Today, the city continues to its usual beat, with cafes, restaurants and shops opened for business as usual. Customers staring through polished glass as the protest interrupts late afternoon coffees and brunch. Amused faces gradually pour out of the shops, and with glossy hands holding aloft oversized designer bags, pictures are taken of the procession of protestors passing from Mayfair to Piccadilly.

The message of tolerance is in evidence throughout the march. Chants vary from the sober messages of “refugees are welcome here” and “say no to Trump, say yes to the NHS”, to the blunt “dump Trump” chorus and the absurdist “Trump has tiny hands”, are all sung as the march nears Downing Street. 

Adorned in balaclavas and scarves, an isolated group seemingly intent on inciting trouble head to the centre of Whitehall. I follow their path from behind, and watch a policeman suddenly clock their presence and send an alert to his colleagues. Inevitably they are alleged to have assaulted a member of the public. One of the group wriggles free from the clutches of an exasperated policeman. Sympathies are not with the falling policeman, but with the balaclava-ed man. The crowd immediately surround the situation and believe this is a sign of the heavy hand of the law.
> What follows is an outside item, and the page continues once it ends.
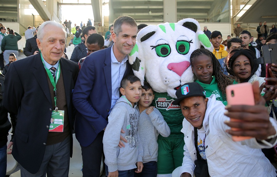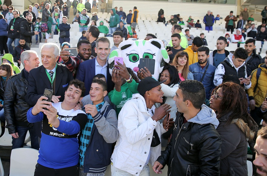 Μάλιστα φωτογραφήθηκε με παιδιά διαφόρων εθνικοτήτων, καθώς στις κερκίδες φιλοξενήθηκαν 100 μετανάστες, ενώ 22 παιδιά μεταναστών συνόδευσαν τους παίκτες των δύο ομάδων στον αγωνιστικό χώρο.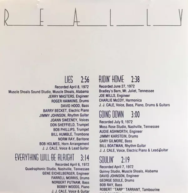 Bass Bob Ray | Drums George Soule | Engineer David Johnson (7) | Slide Guitar Mac Gayden | Tambourine Robert Tarrant | Voice, Rhythm Guitar J.J. Cale

The event as a whole is beyond peaceful and united. An amassed populous comprising of all ages, races, genders and sexualities listen intently to the last set of speeches. Unfortunately, Jeremy Corbyn could only contribute via a video message, eloquently stating he would oppose Trump in all his capacity.

“Trumps invite should be withdrawn, until the executive orders are gone, and every element of them repealed. Today, we stand with solidarity with our friends all over the USA, who share our views and values, who are standing with minority communities under attack. Theresa may and the Conservatives are on the wrong side of history.”

There appears to be coming from the USA some sense, as I am sitting writing this article, my phone bleeps to let me that the federal judges have upheld the decision to keep Trump’s executive order suspended. A blow to the anti-emigration decree he signed within days of taking office. Let there be more backlash from all levels of society. 

The petition against Trump’s state visit will necessitates parliamentary debate, and is to be held on the 20th of February, and with the speaker of the house breaking his obliged political silence, there appears to be protest at the higher echelons of our society too.